Bloodshed and Emancipation provides the resources, primary documents and suggested activities to bring these events and issues to life for your students.


September 2012

Civil War Museums
Resource Graphic 

Puzzle It Out
English, Social Studies, U.S. History
Two types of puzzles are provided in this guide. Use them to warm-up students to the study of the battle of Antietam. "At Antietam Creek" is a word find. Students might be asked to use five or more of the terms in a paragraph about the battle. "Maryland Cornfield, September 1862" is a scrambled word puzzle.

Read a Map
Geography, Social Studies, U.S. History 
As students prepare to focus on the Civil War’s continuation into the fall of 1862, locate the following places on a U.S. map: Maryland, District of Columbia, Virginia; Shenandoah Valley, Potomac River, Shenandoah River; Harpers Ferry, Sharpsburg, and Antietam. Why would this section of the country be vital to the war efforts of the North and South?

Activate an Interactive Map
Geography, Social Studies, U.S. History
For an interactive map experience, visit The Washington Post’s “Battles and Casualties of the Civil War map.” 

On the timeline at the top, select the tab for September 1862. Students should watch the map as it changes to focus on places where military action was taking place between September 1 and 30, 1862.

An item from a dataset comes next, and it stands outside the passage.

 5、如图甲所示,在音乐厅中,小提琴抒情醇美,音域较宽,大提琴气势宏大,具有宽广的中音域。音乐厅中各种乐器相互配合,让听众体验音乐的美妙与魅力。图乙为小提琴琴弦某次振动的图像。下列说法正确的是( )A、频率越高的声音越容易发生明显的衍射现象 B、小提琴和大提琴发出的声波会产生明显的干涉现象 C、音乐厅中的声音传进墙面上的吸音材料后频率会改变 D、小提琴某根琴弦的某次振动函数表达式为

• First read the “Battle casualties” bar across the top. How many battles took place that month? How many casualties took place?
• How do students easily know where most action was taking place?
• How is “casualty” defined?
• Using casualties as an indicator of activity of troops, where was the most action taking place in September?

Roll over the largest circle.
• Where is this action taking place?

• Click on the circles for more information. Position the map so that Rockville in the east and Gore in the west are within the field. Students could be assigned to explore different red circles. As they read the information given, create a timeline for the days in September. For each date indicate: Who was involved, where were the troops, how many soldiers were involved, and what loses took place.


Meet Exceptional People
Political Science, Social Studies, U.S. History
Individuals played many roles in the 1800s — facing slavery, fighting and recording the war and healing the wounded. Read about and discuss the lives of eight such people in the “Cast of character." 

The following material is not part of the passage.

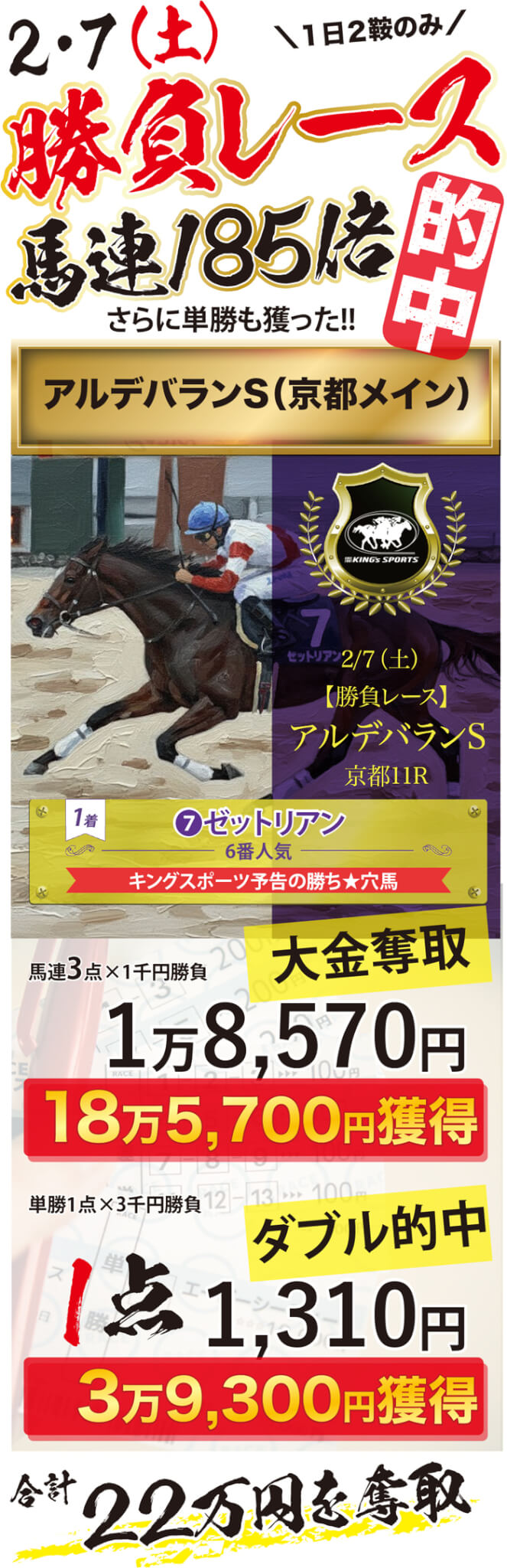 ㊗️2/7(土)勝負レース速報→この破壊力を見たか!馬連わずか3点で「驚愕の185倍的中」🎉さあ(日)も勝つぞ!

Use these nine individuals to give students experience in formulating an historical question and conducting research to find the answer. “Compose Historical Questions: Meet a Cast of Characters” guides this assignment. After students have formed a question about an aspect of the Civil War, they are to use one of the individuals in the “Cast of Characters” to illustrate the response:
Mary Ann “Mother” Bickerdyke
Ambrose E. Burnside 
Benjamin F. Butler
Alexander Gardner and his photographs
Gen. Philip Kearny 
Dr. Jonathan Letterman
William B. Mumford
George W. Smalley 
Henry David Thoreau


Explore the Exploits of the Gray Ghost
English, Social Studies, U.S. History
One of the elusive and effective Southern military leaders lived to be an old man. Linda Wheeler’s “Confederate raider Mosby was a master of surprise,” captures the colorful personality of John S. Mosby.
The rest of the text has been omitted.